“Se requiere una unidad política de Estadistas que interpreten los signos de los tiempos para pasar de la patria mítica a la patria posible y soñada por las nuevas generaciones de venezolanos.” Neuro J. Villalobos Rincón

Resulta muy temerario hacer pronósticos para el año 2018 en Venezuela. A los índices de escasez y de pobreza, se suma la escasez de estadísticas de los organismos oficiales a quienes se les prohíbe suministrarlas, sin antes ser maquilladas y manipuladas por el régimen. De allí la necesidad de recurrir a fuentes externas de reconocida seriedad.

Un reportaje del diario El Tiempo de Bogotá, Colombia, del día domingo diecisiete de diciembre pasado, coloca a Venezuela como noticia internacional del año, y concluye que en el 2017, Nicolás Maduro consolidó la dictadura en nuestro país. Lo resume políticamente de la siguiente manera: ¨con una represión sistemática, el gobierno logró apagar las protestas, ahogar a la oposición, resistir la presión internacional y acaparar todos los poderes públicos del país¨, esto resulta incomprensible si tomamos en cuenta los resultados de la encuesta del mes de diciembre de este año de la empresa Datanálisis, según la cual la evaluación de la situación del país se considera negativa por un 89.5% de la población y sólo el 10.2% la considera positiva. Igualmente, resulta negativa la evaluación de la gestión de Maduro en un 74.9% y sólo 21.7% cree que ha sido positiva.



Económicamente no deja de ser más preocupante la percepción, ya que se estima que la inflación al cierre del año 2017 sobrepase el 2000%, con un índice de escasez, conservadoramente, en 68% y un índice de pobreza de 30%. En tanto se calcula una caída del Producto Interno Bruto de -12% según el Fondo Monetario Internacional.
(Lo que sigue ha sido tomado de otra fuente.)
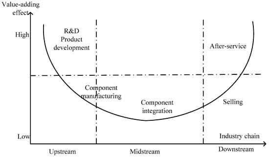 Most previous research has focused on the status quo, challenges, and development analyses of wind power from the perspective of global and national macroscopic policies and economics (as shown in Table 1). This paper describes and analyzes the internal structure and the value creation and innovation of the wind power industry value chain that clarifies the value transfer and value-adding process that occurs when converting raw materials to a final product or service [11]. According to the value theory of Michael Porter [47], value creation in a given industry is composed of a series of processes, including the basic activities and the supporting activities; the former is the key point of value creation of the wind power industry. Meanwhile, like technology-intensive industry, the value creation sectors can be described with the smiling curve (see Figure 3), which reveals the high value-adding sectors in the research and development stage and the after-service stage of the wind power industry that should be taken into account in the value chain model’s construction.

Una verdadera tragedia que arroja mayor incertidumbre sobre el comportamiento político de la población para el año próximo.
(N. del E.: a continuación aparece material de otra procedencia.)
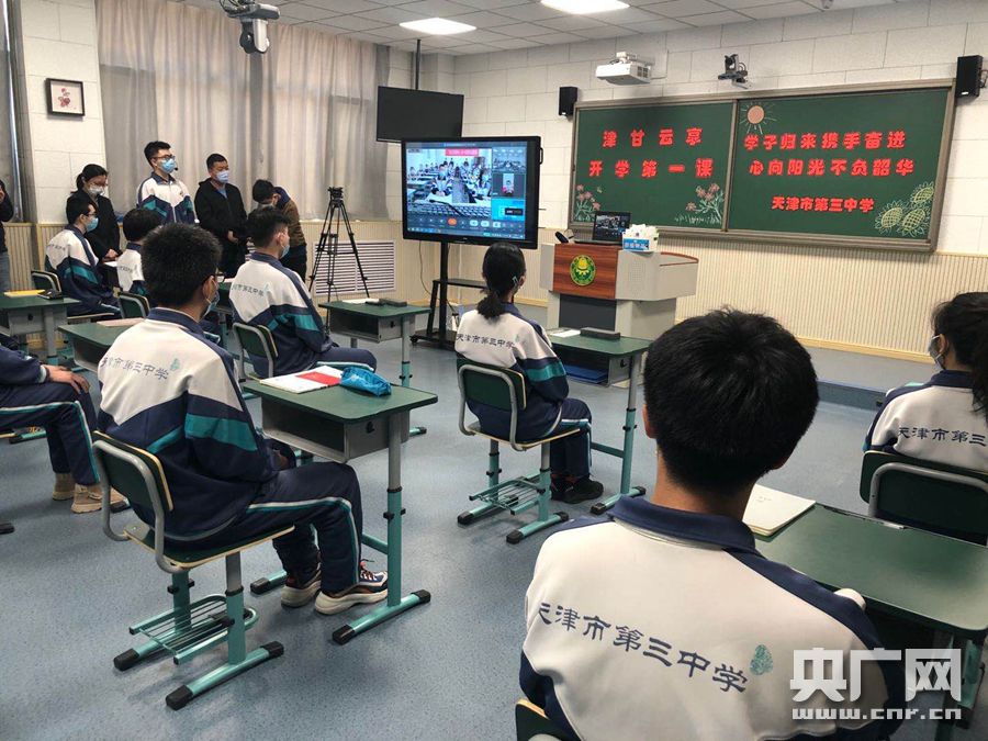九年級(jí)三班的教室里,同學(xué)們正與紅橋區(qū)對(duì)口支援地區(qū)的甘肅合水縣的學(xué)生老師一起在線視頻開(kāi)課,復(fù)課歸來(lái)如何迎接高考是他們對(duì)話(huà)的主題。兩地同上開(kāi)學(xué)第一課,共享優(yōu)質(zhì)教育資源,紅橋區(qū)教育部門(mén)還把該區(qū)教育進(jìn)修學(xué)校編寫(xiě)的2020年中高考的168個(gè)微講解和240份限時(shí)訓(xùn)練送給了甘肅合水的考生們。天津市紅橋區(qū)教育局局長(zhǎng)袁濱渤說(shuō):“在防控疫情期間,我們獲得的這些教學(xué)的經(jīng)驗(yàn),都毫無(wú)保留的傳遞給合水、碌曲的老師們。教育教學(xué)質(zhì)量不能因疫情的防控而下降。我們的扶貧工作也不能因?yàn)橐咔槎袛。今天是開(kāi)學(xué)的第一天,我們看到了學(xué)生們走進(jìn)了學(xué)校,甘肅的孩子們能夠跟我們的孩子們同上一節(jié)課,我們非常欣慰!

Para el año 2018 no está previsto que el régimen cambie su orientación en términos de su política económica, de modo que la hiperinflación seguirá su demoledor proceso, haciendo estragos en la capacidad de compra de la gente y en los presupuestos oficiales que exigirá que siga en funcionamiento la maquinita de producir dinero inorgánico para cubrir el déficit fiscal, lo cual alimentará la espiral inflacionaria en más de 3000%, de mantenerse tan dañina práctica.



Sin estímulos para producir bienes y prestar servicios internamente, con severas dificultades para importarlos, y con un elevado peso en el servicio de la deuda, es previsible un aumento en los índices de escasez y de pobreza. Aún cuando el FMI prevé una desaceleración en la caída del PIB para el próximo año ubicándolo en -6%, existen otros elementos internos como la escasez de efectivo,, la especulación, el contrabando de extracción y la corrupción, con incidencia sobre variables microeconómicas, que sumados a las expectativas de elecciones presidenciales, auguran un año 2018 terrible, aunque la manipulación irresponsable del régimen pretenda mantener una ilusión de normalidad, sobrevendrá  un incremento en la represión y mayor restricción de las libertades.

El año 2018 parece ser el año de la definición histórica del país, más dictadura o el rescate de la democracia y la libertad.